Driben was born in Boston and studied at Vaesper George Art School before moving to study at the Sorbonne in Paris in 1925. His first known pin-p was the cover to Tattle Tales in October 1934, and by 1935 he was producing covers for Snappy, Pep, New York Nights, French Night Life and Caprice. His career went from strength to strength in the late thirties with covers for Silk Stocking Stories, Gay Book, Movie Merry-Go-Round and Real Screen Fun.
His career was not limited to magazine covers, he also worked in advertising and for Hollywood, perhaps his most famous work being the original posters and publicity artwork for The Maltese Falcon. Peter Driben was also a close friend of publisher Robert Harrison, and in 1941 was contracted to produce covers for Harrison's new magazine Beauty Parade. Driben went on to paint covers for all of Harrison's magazines, often having as many as six or seven of his covers being published every month.
Driben married the artist, actress and poet Louise Kirby just before he began to work for Harrison.

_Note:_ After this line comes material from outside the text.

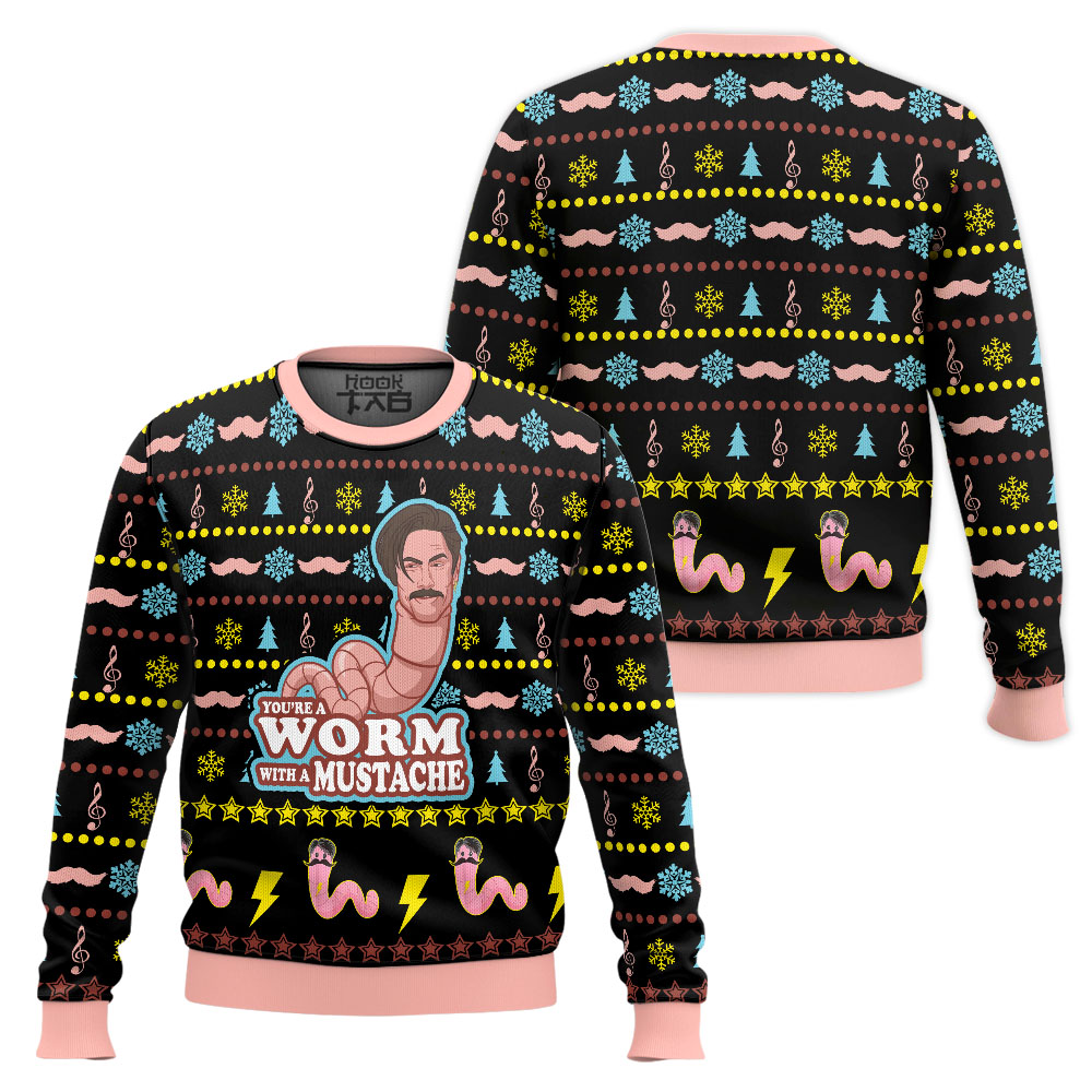 Hooktab Worm With A Mustache James Kennedy Ugly Christmas Sweater

In 1944 he was offered the the unusual opportunity, for a pin-up artist, of becoming the art director of the New York Sun, a post he retained until 1946. During the war, his popular painting of American soldiers raising the flag at Iwo Jima sparked a considerable amount of media attention.
In his later years Peter Driben turned, like many of his colleagues, to portrait and fine-art work, including a portrait of Dwight Eisenhower, which were organised into successful exhibitions by Louise.